## Work request
Your output consists solely of the lines from the one that contains "1856 N-12 R1+." to the end of the material, each reproduced exactly; pictures do not belong in it.

Provided material START

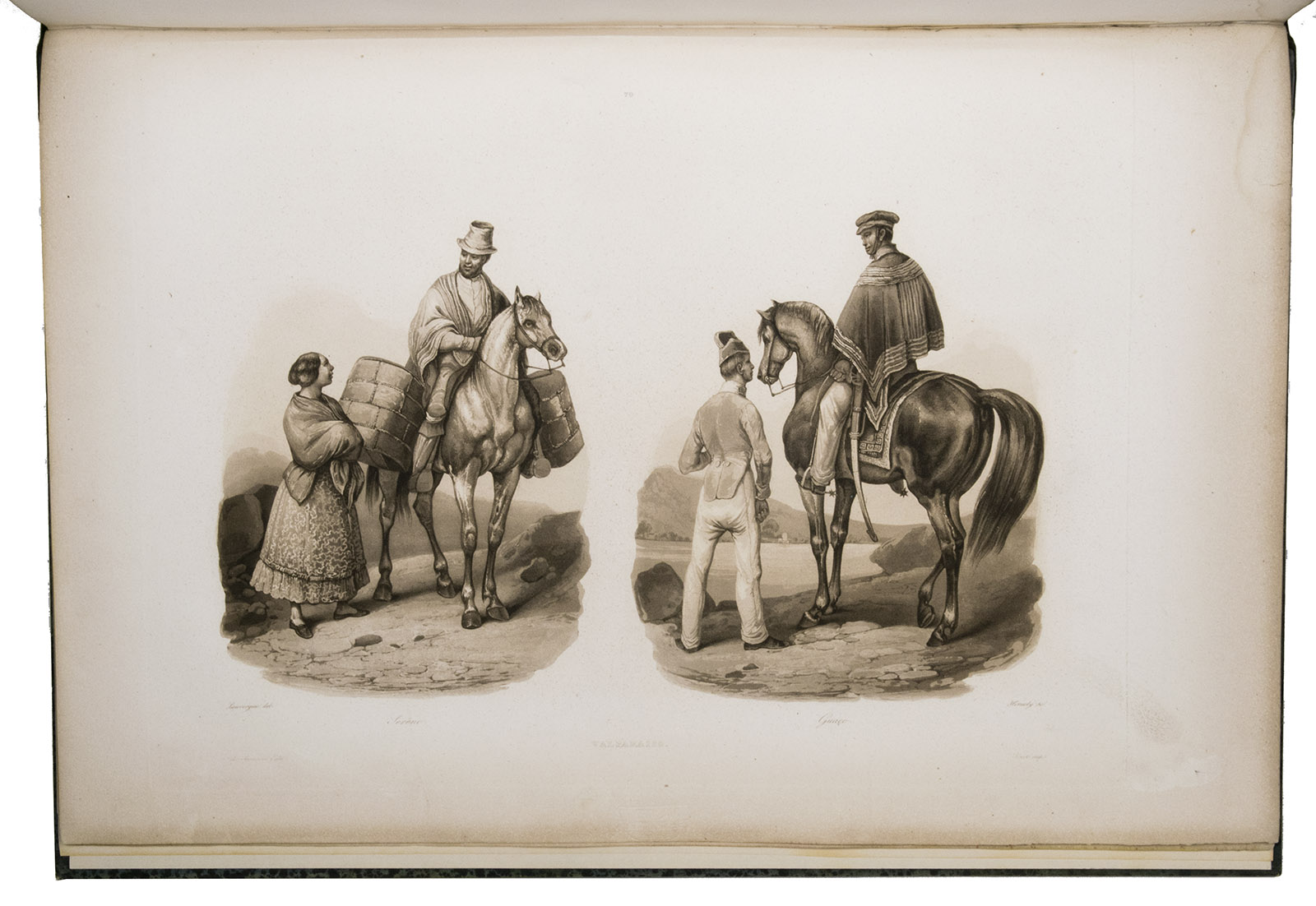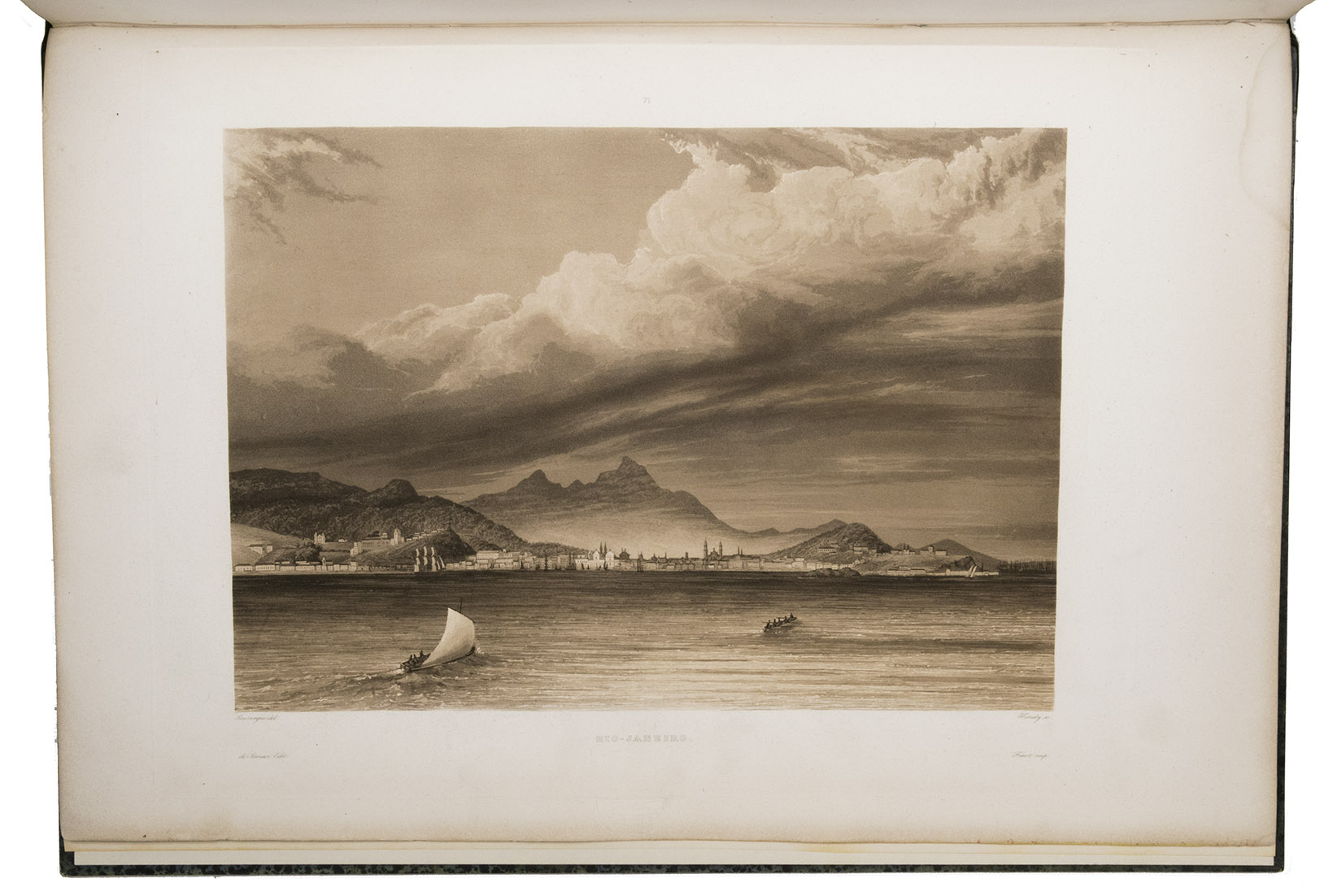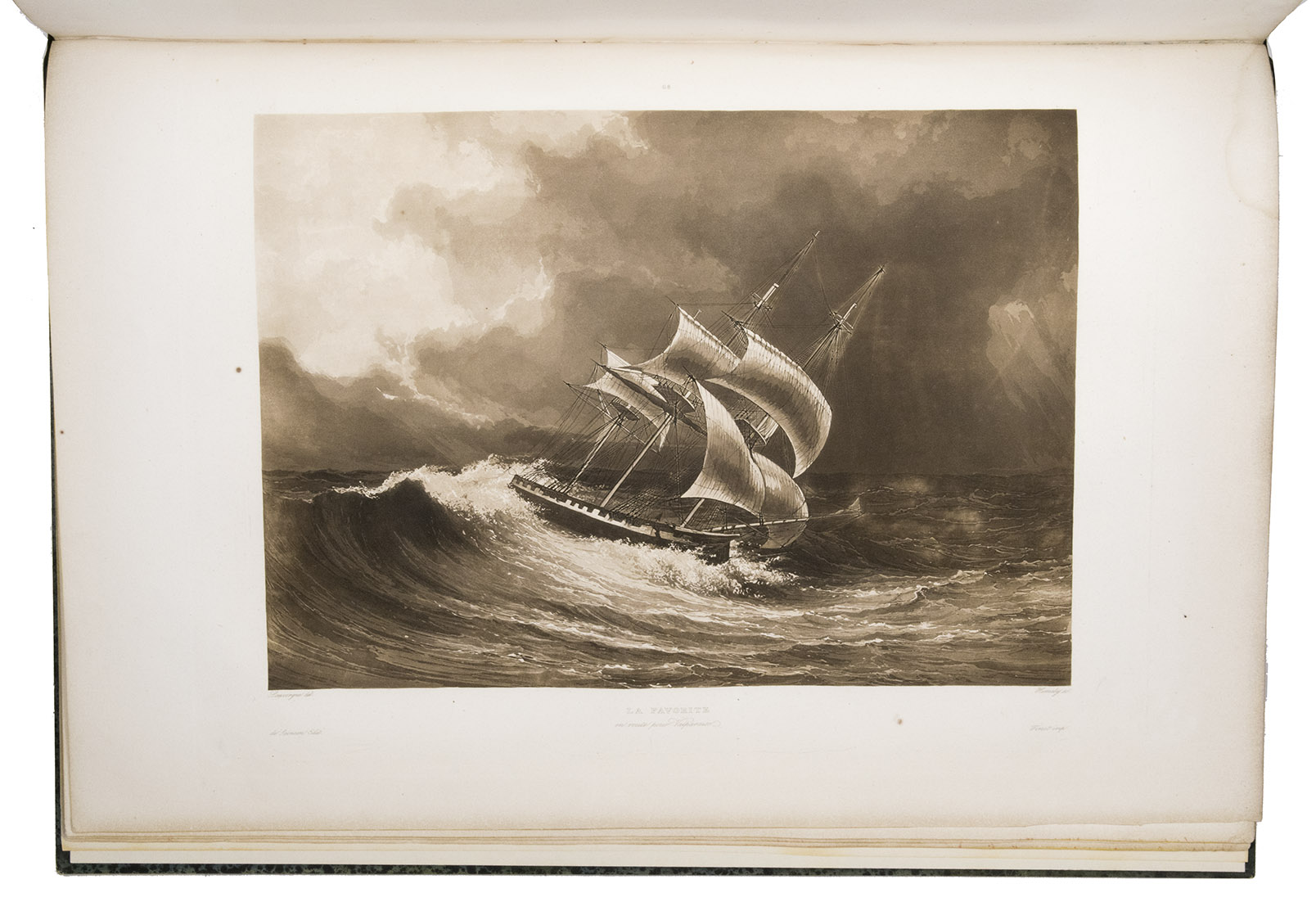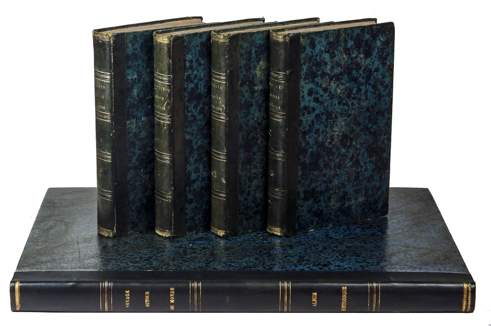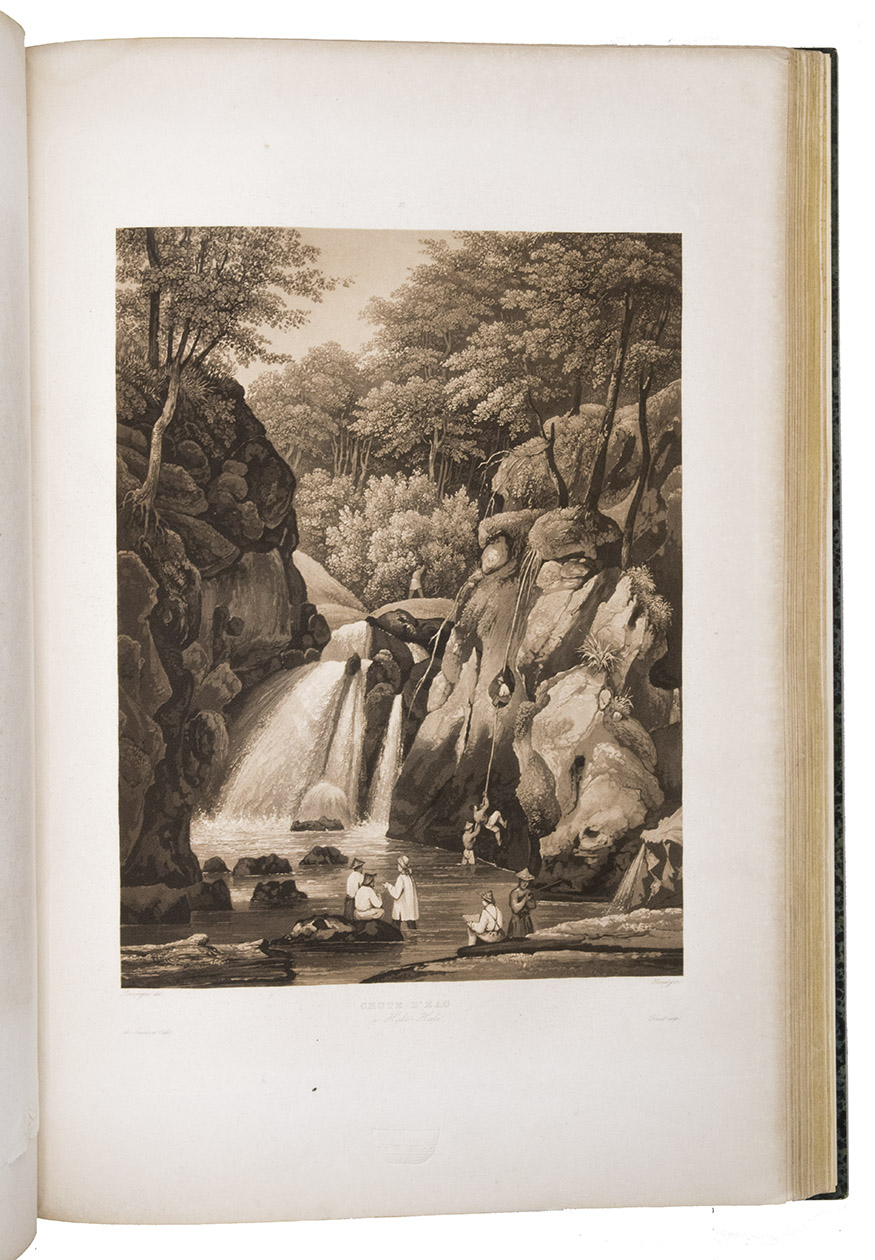Paris, Imprimerie Royale (views volume: Arthus Bertrand; map volume: Dépôt-Générale de la Marine), 1833-1835. 4 text volumes (8vo), 1 views volume (folio) and 1 atlas volume (1mo, 66 x 51 cm). With 1 folding engraved map in the first text volume, 2 full-page maps and 10 maps on 9 double-page plates in the "atlas hydrographique", and 72 extraordinary aquatint plates (ca. 27 x 36 cm) in the "album historique", most of them with the blind-stamped image of the ship La Favorite (15 x 28 mm). Contemporary half dark green calf, gold-tooled spines. [4], XLI, 558, [2]; [4], 481, [1]; [4], 510, [2]; [4], 480; [4] pp.
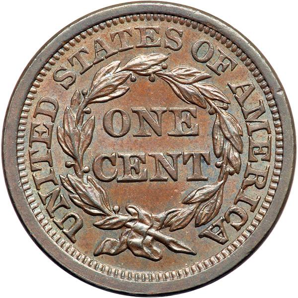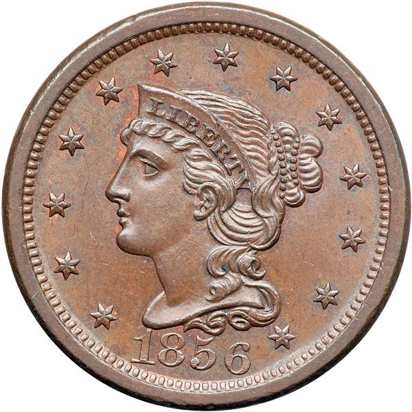 1856 N-12 R1+. MS-62. Upright 5. Lustrous light chocolate and bluish steel brown with traces of mint red remaining on the obverse. The surfaces are satiny and offer outstanding eye appeal. The only mark is a faint spot of slightly darker chocolate toning near the dentils left of the date. Sharply struck VEDS (very early die state). The fields on both sides are covered with fine die polishing lines and all the die finishing lines are sharp. The earliest state seen. Tied for CC#9 overall in the Grellman census but equal to the finest known in the earliest die state.
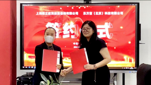 東方童(北京)科技有限公司文化傳媒事業(yè)部總經(jīng)理尹健穎、上海昂立教育投資咨詢有限公司研學(xué)項(xiàng)目負(fù)責(zé)人金玫伶舉行簽約儀式
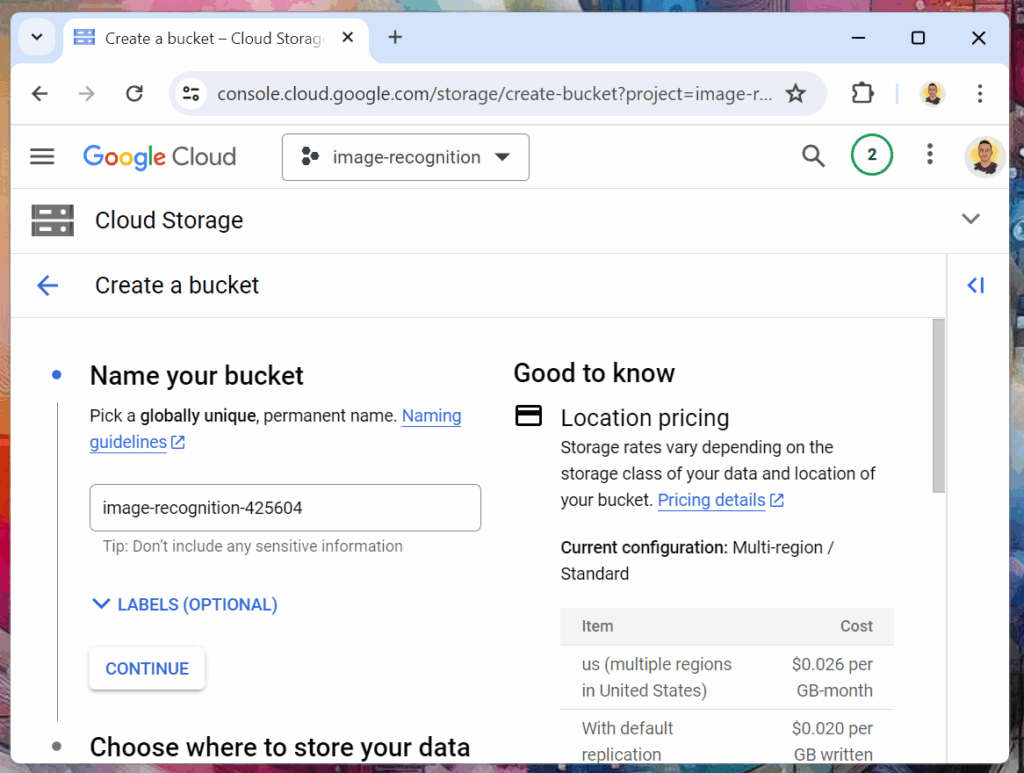 After choosing a name, we should choose the location of our bucket. For now, let's choose the "Region" option and select the region closest to you. In production, you may want to choose the "Multi-region" or "Dual-region" option closest to your users since it will provide the best performance and availability.

Provided material END

## Response to this task
 1856 N-12 R1+. MS-62. Upright 5. Lustrous light chocolate and bluish steel brown with traces of mint red remaining on the obverse. The surfaces are satiny and offer outstanding eye appeal. The only mark is a faint spot of slightly darker chocolate toning near the dentils left of the date. Sharply struck VEDS (very early die state). The fields on both sides are covered with fine die polishing lines and all the die finishing lines are sharp. The earliest state seen. Tied for CC#9 overall in the Grellman census but equal to the finest known in the earliest die state.
 東方童(北京)科技有限公司文化傳媒事業(yè)部總經(jīng)理尹健穎、上海昂立教育投資咨詢有限公司研學(xué)項(xiàng)目負(fù)責(zé)人金玫伶舉行簽約儀式
 After choosing a name, we should choose the location of our bucket. For now, let's choose the "Region" option and select the region closest to you. In production, you may want to choose the "Multi-region" or "Dual-region" option closest to your users since it will provide the best performance and availability.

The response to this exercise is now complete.